On September 9, 2013 I was commenting at the beginning of a Ludington City Council meeting when I noticed Ludington Police Chief Mark Barnett glance down and have a sour look not unlike that look that George W Bush had had when he was first notified of the World Trade Center attacks while he was reading to children. Barnett would excuse himself hurriedly and it wasn't until after the meeting that I found out what the problem was. Michigan State Police (MSP) Trooper Paul Butterfield had been shot while conducting a traffic stop on Custer Road.
It was a very sad event, and fortunately they caught the person who did the deed and brought him before justice. He was given a long sentence which turned out to be a life sentence when he hung himself while incarcerated the following April.
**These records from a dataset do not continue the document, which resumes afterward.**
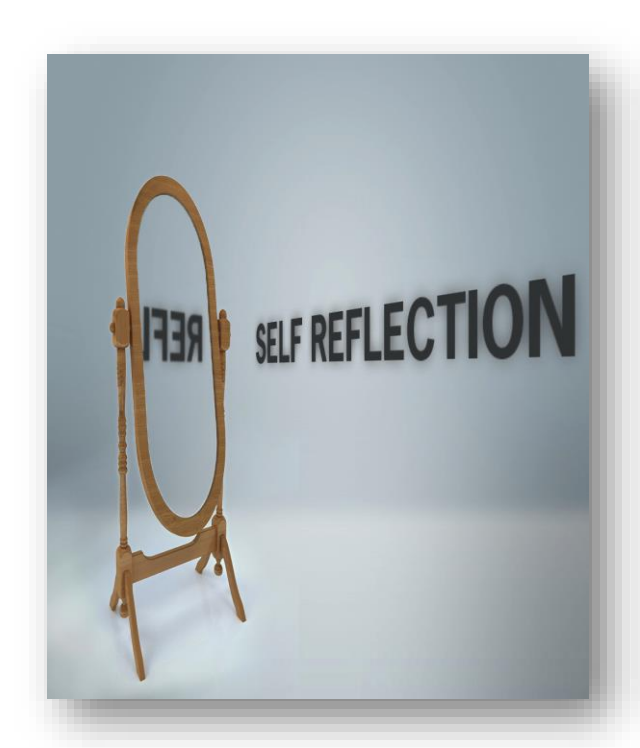
Being aware and conscious of one's own world view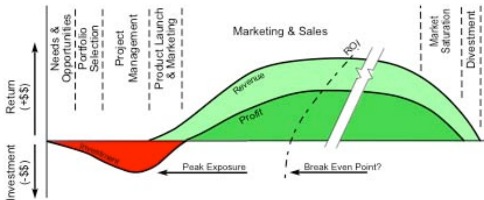
Figure 4: Product life span cash flow

Figure 4 illustrates the impact of a successful project portfolio in terms of future corporate cash flow.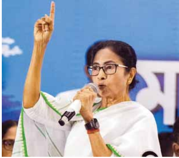
West Bengal CM Mamata Banerjee during a TMC's workers meeting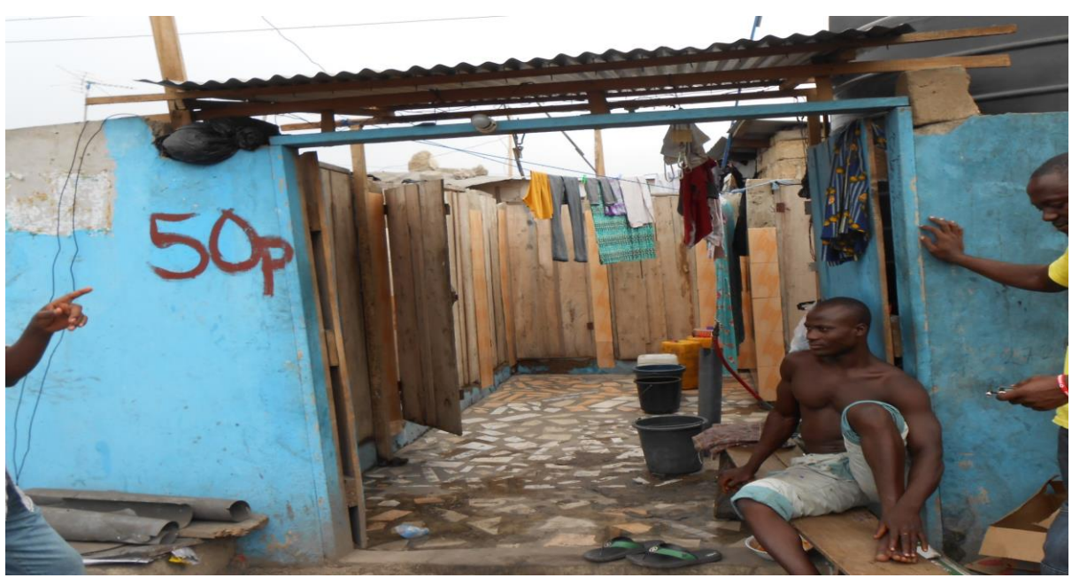
Plate 3: Private bath houses for commercial purposes.

It is important to state that not only are these facilities generally unavailable, but the migrants also end up paying more for these services than those in higher income neighbourhoods. For instance, the average cost of 1000 gallons of water in Ghana is 80peswas (40 cents), but migrants pay 30pesewas (15 cents) per bucket, which is roughly 2 gallons. These poor migrants are also required to pay money each time they visit the toilet. Consequently, people without money tend to defecate in a nearby bush, thereby further contributing to the pollution of their living environment. City officials who were interviewed indicated that the poor environmental conditions in these slums, coupled with limited access to basic necessities, have created conditions for flooding and diseases such as typhoid fever and cholera, thus confirming the findings from other studies that indeed many migrants move towards heightened environmental risk, not away from it – often as part of rural-urban migration (Foresight 2011). Srivastava (2005) reported similar scenarios in India, where most poor internal migrants live in urban slums under unhygienic conditions.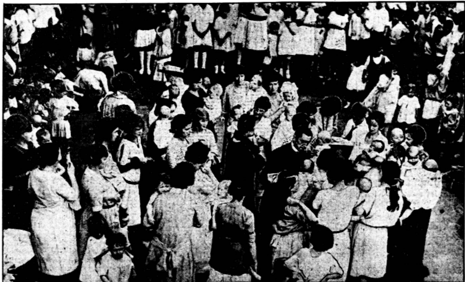
Babies to the right of them; babies to the left of them!—and how would you like to be a judge in a baby contest? Would you back up your decisions with force, if necessary? This photo of the judging was made yesterday at the Georgetown playgrounds.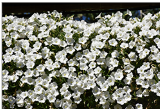
ColorRush White Petunia in bloom

ColorRush White Petunia is recommended for the following landscape applications;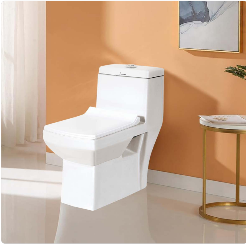
110 (9") L-25,B-14,H-27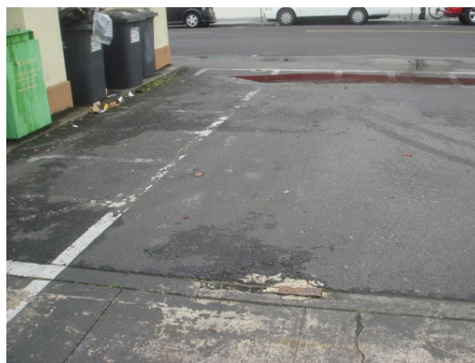
B6-6: Still extant curb for waiting vehicles shown in B6-7 (LHS 1/2019)

The community mourned the loss of the trooper by setting up a roadside shrine at the spot near where Paul Butterfield was found, giving him a grand funereal ceremony attended by many officials and officers of all types from across the state, and eventually part of M-116 was named in honor of him. Yet despite all that and many more tributes to the assassinated trooper by his peers, the MSP didn't add extra safeguards to protect their troopers from similar future events and make it easier for them to catch the perpetrator.
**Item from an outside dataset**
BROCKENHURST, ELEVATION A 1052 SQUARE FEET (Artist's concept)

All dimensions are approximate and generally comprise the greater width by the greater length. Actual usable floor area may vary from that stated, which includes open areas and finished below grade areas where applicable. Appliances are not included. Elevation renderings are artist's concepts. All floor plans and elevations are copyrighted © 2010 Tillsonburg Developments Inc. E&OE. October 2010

I pointed these out after doing FOIA requests to the MSP regarding the incident and their policies. I found out that Butterfield never told dispatch the reason why he stopped Knysz's vehicle and that the MSP vehicle was like many other MSP vehicles and did not have a dash cam installed. As noted here and in the Butterfield legacy.
Is there any good reason why these measures (having in-car camera for all MSP vehicles, and radioing in the reason for a traffic stop) should not be in place for future traffic stops?
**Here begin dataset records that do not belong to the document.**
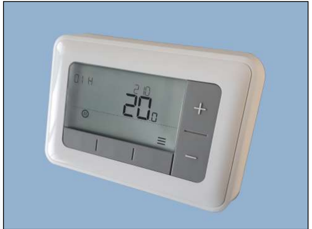
Remote programmable thermostat and timeclock.

DN20 (3/4" BSP) isolating ball valves complete with ground faced unions or gate valves can be fitted external to the casework, directly to the flow and return connections of the heating coil.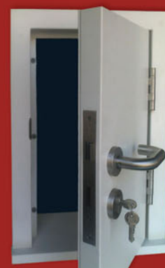
POWDER COATED DOOR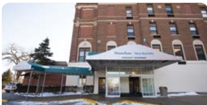
Montefiore New Rochelle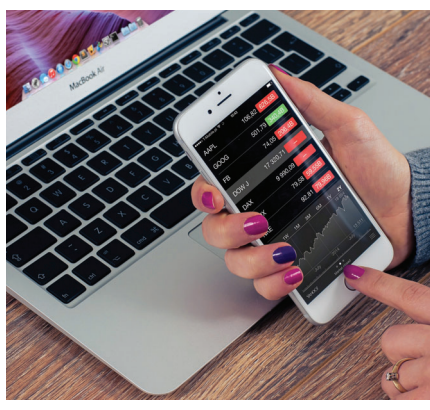
VI markets offer a wide range of instruments on both Forex and CFDs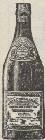
FAC-SIMILE OF WHITE LABEL ALE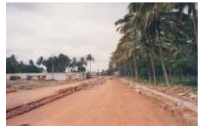
A view of the 24th Main extension

An easier, shorter access to Brigade Millennium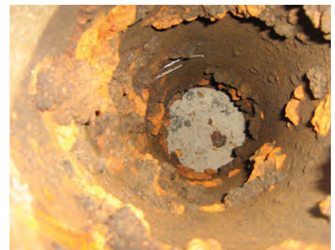
Eliminates water pipe clogging, Hydro-Guard can help you!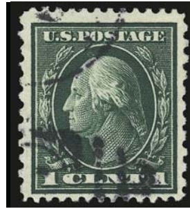
423A-CAN-32 RAS S959, 6/2008, lot 2865 - $9,000 1958 PFC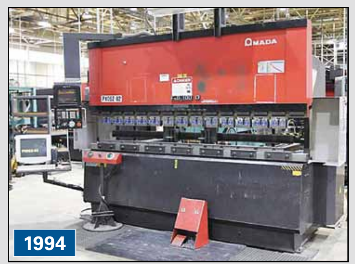
AMADA FBD1030F CNC Brake

(2) 1994 & 1993 AMADA FBD1025F 110T x 98" CNC Press Brakes, s/n 1020573, 1020493 w/NC9-F Control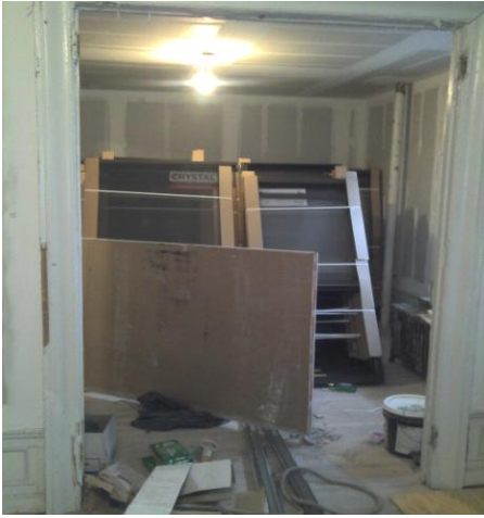
Photo 1 of 4 - Performance Level - 1F living rm.

Site Visit: December 23, 2011 (8:30am to 10:35am)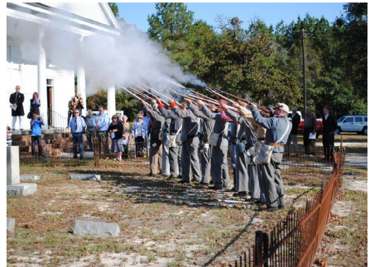
The Waccamaw Light Artillery and Stafford Militia

Let's look at another traffic stop made by a MSP trooper that happened on Friday, July 13, 2018, and a concerning action taken by the MSP on this incident eerily similar to what they did with the passenger in the 2013 incident, Eric's pregnant wife, Sarah Knysz.
The basic story: Police say a trooper pulled over a vehicle occupied by two men and a woman in Missaukee County’s Lake Township. Police say the driver, Douglas Robert Sawyer (above), a parole absconder, ran and fired at the trooper, who returned fire. The trooper was wounded, however, Sawyer decided to kill himself. The others stayed in the vehicle and were arrested.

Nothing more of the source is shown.